February 13, 2020 at 11:11 pm
That was cheating-level easy... except you need a helper function, Jeff Moden's DelimitedSplit8K function. It's here https://www.sqlservercentral.com/articles/tally-oh-an-improved-sql-8k-“csv-splitter”-function
Here's the SQL:
SELECT x.Item AS Category
, COUNT(*) AS UseCaseCount
FROM
(
SELECT ID
, Categories
, ds.itemNumber
, ds.Item
FROM dbo.UseCase
CROSS APPLY Teest.dbo.DelimitedSplit8K(Categories,'|') ds
) x
GROUP BY x.Item;
February 14, 2020 at 11:08 am
Sorry to jeff, but i'm going to make light of the split functionality, it ends up in a function that goes RBAR - Use a TVP instead
again - sorry jeff, but splitting strings is not what SQL was designed for.

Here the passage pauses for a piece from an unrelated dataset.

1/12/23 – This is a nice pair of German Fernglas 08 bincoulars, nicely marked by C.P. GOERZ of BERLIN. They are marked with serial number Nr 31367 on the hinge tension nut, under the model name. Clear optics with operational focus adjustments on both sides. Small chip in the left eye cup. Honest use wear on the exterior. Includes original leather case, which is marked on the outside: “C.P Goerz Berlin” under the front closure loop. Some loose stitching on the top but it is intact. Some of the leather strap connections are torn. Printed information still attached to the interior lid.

Grant keeps nagging me about using profiler, I figure that I might start nagging you about TVP 🙂
MVDBA
February 14, 2020 at 1:13 pm
Sorry to jeff, but i'm going to make light of the split functionality, it ends up in a function that goes RBAR - Use a TVP instead
again - sorry jeff, but splitting strings is not what SQL was designed for.
Grant keeps nagging me about using profiler, I figure that I might start nagging you about TVP 🙂
How might you implement this "TVP" solution, Mike?

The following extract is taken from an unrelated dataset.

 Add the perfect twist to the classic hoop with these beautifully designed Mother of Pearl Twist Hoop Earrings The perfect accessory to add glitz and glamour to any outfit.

I'm quite familiar with the DelimitedSplit8K function, I certainly wouldn't describe it as RBAR because it's a set-based solution. There's no programmatically stepping through of rows which is how we identify a process as RBAR.

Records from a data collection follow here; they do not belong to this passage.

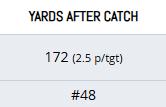 For context, WR Demario Douglas ranks #3 and #11 in those categories, from left to right. If you’re going to stretch a defense, you need man-coverage beaters, and if you’re not focused on that, you need to at least generate yards after the catch.
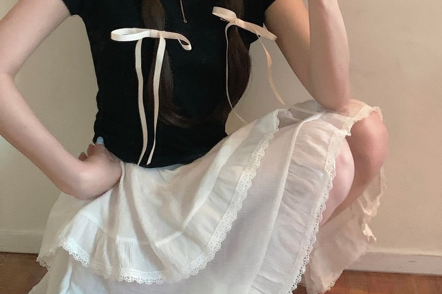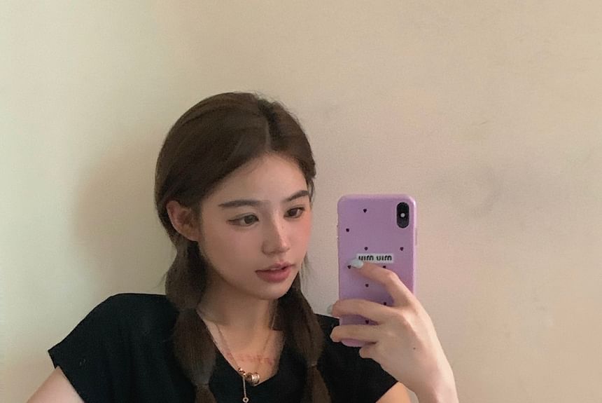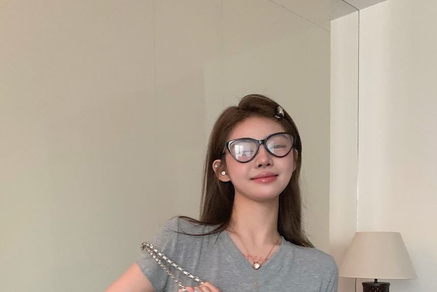 Short-Sleeve V-Neck Plain Asymmetrical T-Shirt
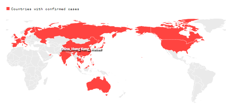 截至截至2月7日发稿前,新冠病毒在全球有25个国家发现确诊病例,包括:中国、泰国、日本、新加坡、韩国、越南、美国、法国、澳大利亚、马来西亚、尼泊尔、德国、斯里兰卡、柬埔寨、加拿大、阿联酋、芬兰、印度、菲律宾、英国、意大利、俄罗斯、瑞典、西班牙、比利时。![]()
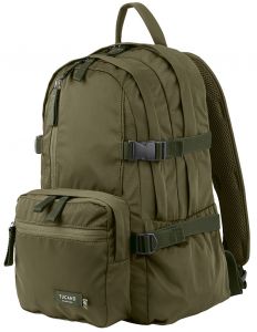 Tucano Desert 15 рюкзак з нової колекції 2022 року. Рюкзак у стилі мілітарі з тканини, виготовленої з переробленого пластику, із застібкою-куліскою та капюшоном/клапаном. Велике внутрішнє відділення, розмір якого регулюється двома ременями, оснащене кишенею для ноутбука. Вишуканий стиль і добре організовані кишені, у тому числі три спереду, а також захисна кишеня ззаду, роблять його багатогранним та універсальним для будь-якого випадку.

For fast, accurate and documented assistance in answering your questions, please read this article.
Understanding and using APPLY, (I) and (II) Paul White
Hidden RBAR: Triangular Joins / The "Numbers" or "Tally" Table: What it is and how it replaces a loop Jeff Moden
February 14, 2020 at 1:16 pm
Not sure what TVP has to do with this. Could you provide a solution?
So I realize the OP is working with 2008R2 here. Also in 2016 the string_split() function was added. However, the string_split function only accepts single character delimiters. What if someone needs more than that? Ha, here's a Json splitter that accepts delimiters of up to 3 characters (it's adjustable in the tvf). Instead of splitting the string it does search/replace of the delimiters with json markup and queries the nested arrays. 1 row was added to the test set to include extra commas and delimiters to test with. Also the TEXT column type (which is to be avoided) in the sample table was changed to nvarchar(4000). No idea how efficient this is compared to alternatives.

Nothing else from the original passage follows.